:: EXTRACTED DATA

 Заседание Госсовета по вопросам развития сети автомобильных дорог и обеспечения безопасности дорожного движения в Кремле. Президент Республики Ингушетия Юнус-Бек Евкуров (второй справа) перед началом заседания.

::::
:: EXTRACTED DATA

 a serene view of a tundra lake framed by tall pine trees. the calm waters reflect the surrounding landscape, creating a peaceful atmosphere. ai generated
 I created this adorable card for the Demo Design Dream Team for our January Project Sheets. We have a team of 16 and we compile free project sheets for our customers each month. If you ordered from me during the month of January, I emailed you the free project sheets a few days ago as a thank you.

::::

EXERCISE:
Reproduce word for word the material above, beginning with the line that contains "a serene view" and ending with the line that contains "I created this".

SOLUTION TO THIS EXERCISE:
 a serene view of a tundra lake framed by tall pine trees. the calm waters reflect the surrounding landscape, creating a peaceful atmosphere. ai generated
 I created this adorable card for the Demo Design Dream Team for our January Project Sheets. We have a team of 16 and we compile free project sheets for our customers each month. If you ordered from me during the month of January, I emailed you the free project sheets a few days ago as a thank you.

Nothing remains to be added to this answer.